Zero Bomb, M.T. Hill (Titan 978-1-78909-001-7, $14.95, 304pp, trade paperback) March 2019.
The byline M.T. Hill is a not-too-opaque screen for the writer Matt Hill, whose two previous books under that name have been The Folded Man (2013) and Graft (2016). I mention this fact only because his third novel, Zero Bomb, is so good that you will want to snatch up copies of the first two, as I just did, and not fail to make the connection between what at first appear to be two different writers. Changing one’s byline nowadays is often a marketing strategy, but it would be a shame if it sent earlier books into oblivion and fogged the outline of a career.
In any case, what’s so fine about the new book to make you search out the forerunners? It features a not-unfamiliar and especially au courant theme — near-future societal and technological collapse — but presents it in so poignant and authentic and original a manner, with narrative flourishes galore (only one of which I will quibble over), that it feels fresh, insightful and powerful.
Part I opens in the year 2030, and focuses on a man, approaching middle age, named Remi. Due to a family tragedy — the death of his young daughter Martha — Remi suffers a mental breakdown and abandons his wife Joan and every aspect of his successful life. He becomes more or less a vagrant temp-worker, gets hooked on the drug spark, recovers, and begins to lift himself out of the pit of despair and nihilism. When the tale really kicks off, Remi is a bike messenger in London. (Of course, ever since Neal Stephenson’s Snow Crash, messengers afoot, on bikes or skateboards, or moving via some other mode of transport, have been rich symbolical figures in SF. If I can pat myself on the back a little, my own story “A Conspiracy of Noise” featured such a figure five years before Stephenson.) He lives a simple, spartan lifestyle, but is basically anhedonic and borderline depressed.

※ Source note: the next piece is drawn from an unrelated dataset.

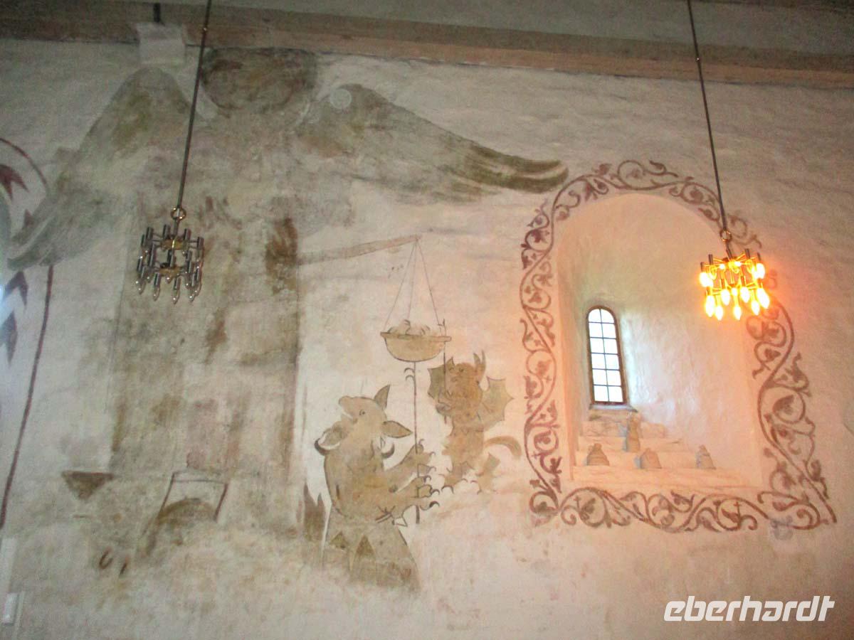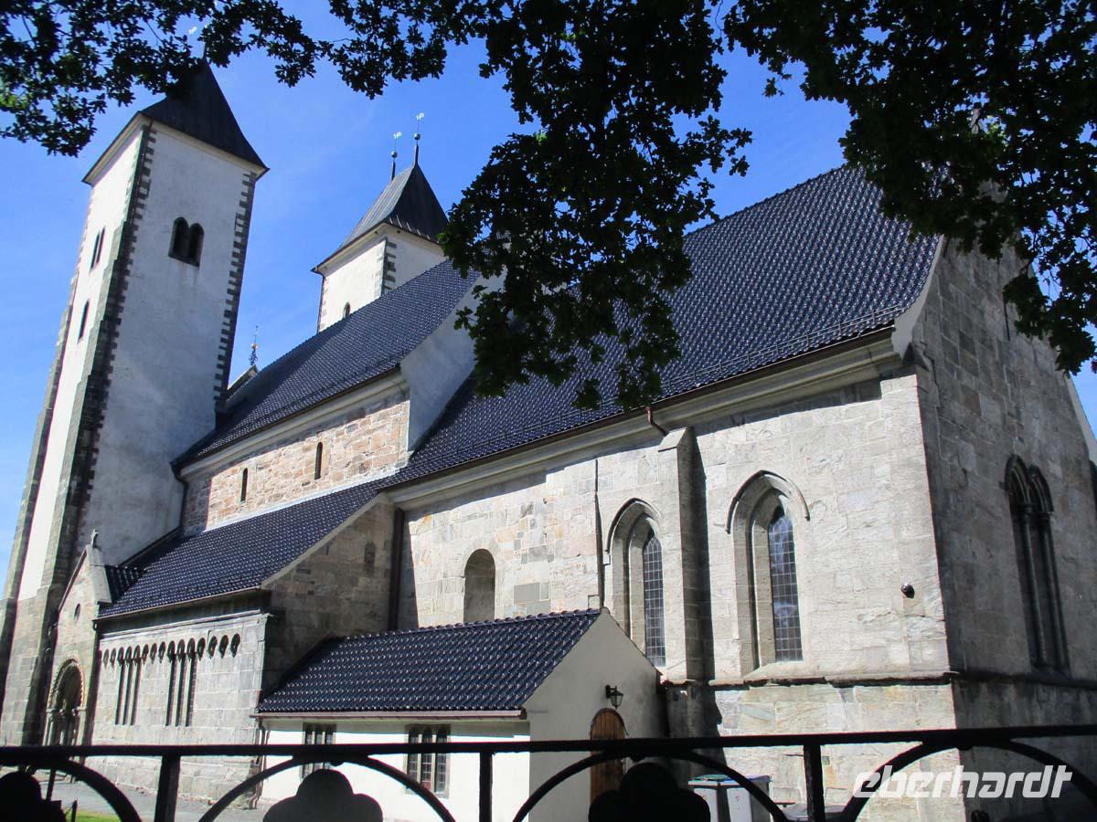 Nach einer Fährfahrt von Halheim nach Sandvik halten wir uns in Haugesund auf. Hier befindet sich das vermeintliche Grab des Reichsgründers Harald Schönhaar, der 972 die südlichen Kleinkönigreiche unterwarf und so die Basis für die mittelalterliche Reichsgründung Norwegens schuf. Der riesige Grabhügel wurde zur 1000 Jahrfeier der Schlacht am Hafrsfjord mit einem großen Obelisken verziert. Drum herum stehen Steine aus allen 29 historischen Provinzen Norwegens. Jedes norwegische Schulkind von Oslo bis Trondheim wird hier hingeschleppt. Es kennen also (fast) alle. An die Wirren der Religionsveränderung vom germanischen Glauben an das neue Christentum zeugt ein frühchristliches Kreuz auf einem Hügel nebenan. Der Königshof befindet sich nur einige Kilometerweiter in Avaldsnes. Nur die Kirche ist hier noch gut erhalten. Jedoch sind in der Landschaft noch Reste mächtiger Wälle zu erkennen. Neben der Kirche befindet sich ein Bautastein, der sich mit über 6 m Höhe gefährlich nah zur Kirchenwand neigt. Man sagt, dass Norwegen untergeht, wenn er die Kirchenwand berührt. Vielleicht ist deshalb schon ab und zu etwas von seiner Spitze abgeschlagen worden. Scherzhaft wird er auch die Nähnadel Mariens genannt. Uns bleibt leider der Blick wegen Renovierungsarbeiten versperrt. Aber als Eratz zieh ich noch ein Überraschungsei aus dem Ärmel: Das Kloster Utstein. Am Nachmittag erreichen wir wieder Stavanger, wo wir unsere Fluggäste herzlich verabschieden. Nach einem frühen Abendessen reisen wir nunmehr mit geringerer Anzahl nach Tananger, wo wir unsere Nachtfähre nach Dänemark besteigen.
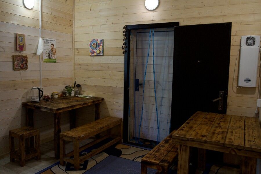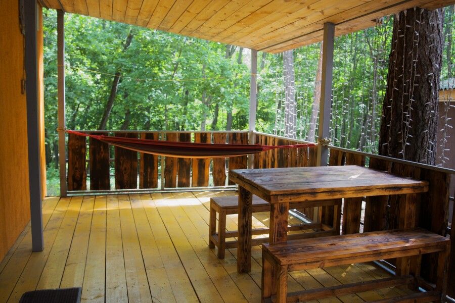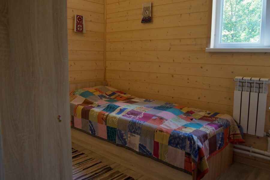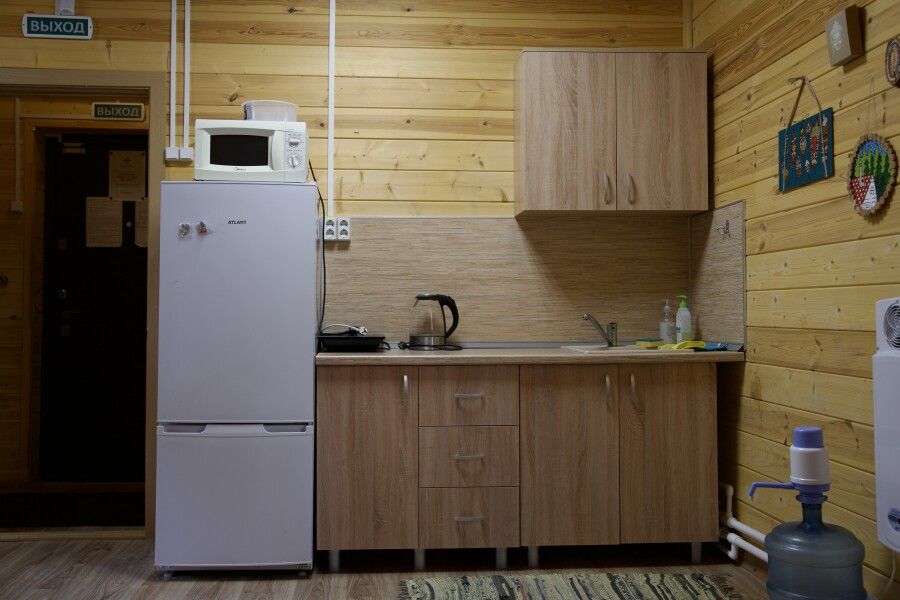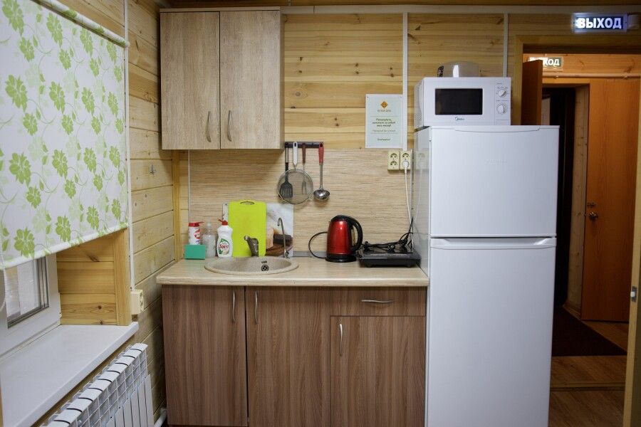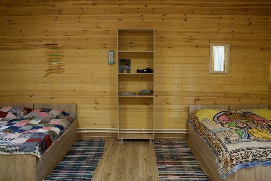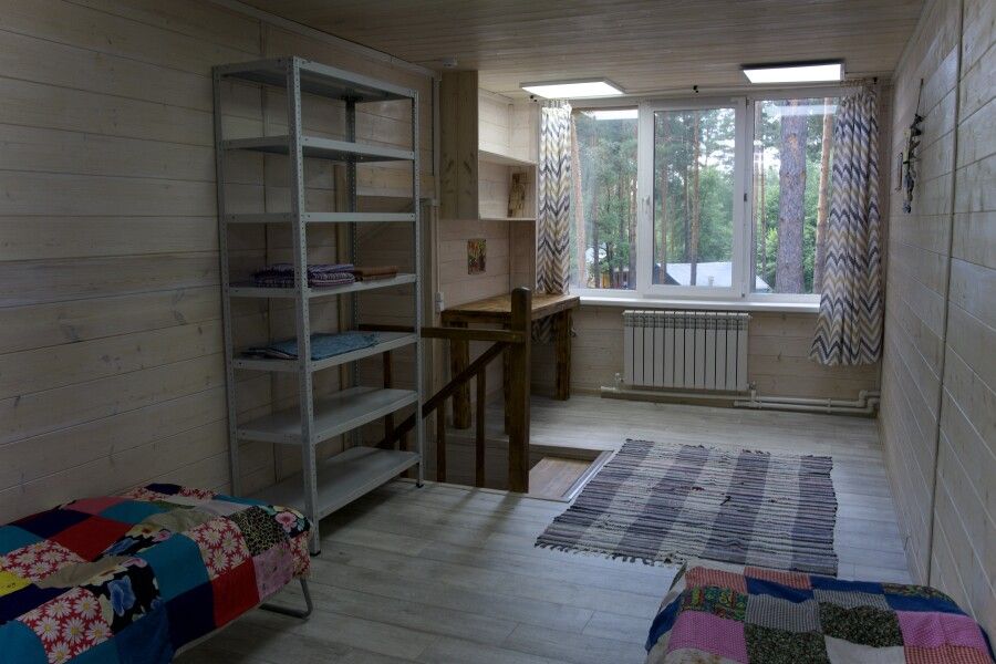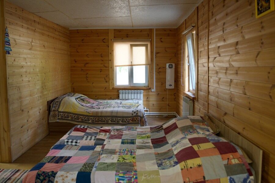 Дом на две комнаты по два человека. Кухня: холодильник, чайник, духовка, плитка, посуда. Есть раздельные санузел и душ. К дому примыкает большая веранда.

One day his current errand is short-circuited when a driverless car attempts to kill him. After that, the deluge. Remi is contacted by a cybernetic fox, who, we eventually learn, is named Rupal, and is one of the more charming personages in the story. The fox delivers a package to Remi with instructions for delivery. Arriving, coerced, at his destination, Remi discovers he has been enrolled willy-nilly in a conspiracy to topple the civilization of “automatic England.” His reward? A visit with his daughter Martha, who never died but is now a teenager. And by the way, the whole conspiracy is modeled on an old SF novel from 1971: The Cold Veil, by Laurel M. Brace. In fact, Brace might still be around and leading the movement.
Part II leaves Remi behind and gives us an abridged sample of The Cold Veil itself. It’s a spot-on rendition of such an artifact from a different era. (This tactic was also used recently to good effect in Tim Wirkus’s The Infinite Future. (Review here.)
Part III is a set of documents from the authorities further illuminating the conspiracy.
Part IV is the next-most substantial segment after Part I. The year is now 2032, and we follow the life of seventeen-year-old Martha as she lives in a strange commune that revolves around biohacking and cyberprosthetics. But her world is rapidly coming apart, and that stems from Remi’s actions. Will father and daughter ever reunite? Your guess will hardly match the reality.
Part V is a coda from the year 2041, after the “zero bomb” or “hard reset” has settled over the land, and depicts what might or might not be a utopian reboot of civilization. And this section constitutes my one grumble about Hill’s choice of multi-perspective telling. This section feels too bloodless — it’s in report form from a field operative of the authorities — and too removed from the characters he’s made us care about.
While Part II is great fun, and Parts III and V are useful and innovative infodumps, it’s the combo of Parts I and IV that truly delights and engages us. The depiction of Remi’s psychopathology, and the bizarre details of the zero bomb plot, all set against a very palpable near-future London of decadence and surveillance and makeshift survivalism ring very true. There’s a hint of Ballardian malaise as well. Martha’s life in the commune is like a Bruce Sterling extrapolation, and illustrates the generational divide between her and her father quite effectively. The intersection and fusion of their two timelines is touching and cathartic. All in all, the novel offers a parable of sin and salvation, on the personal and cultural levels both.
If Nick Harkaway had collaborated with Dave Hutchinson, the result might resemble what Matt “M.T.” Hill has accomplished solo.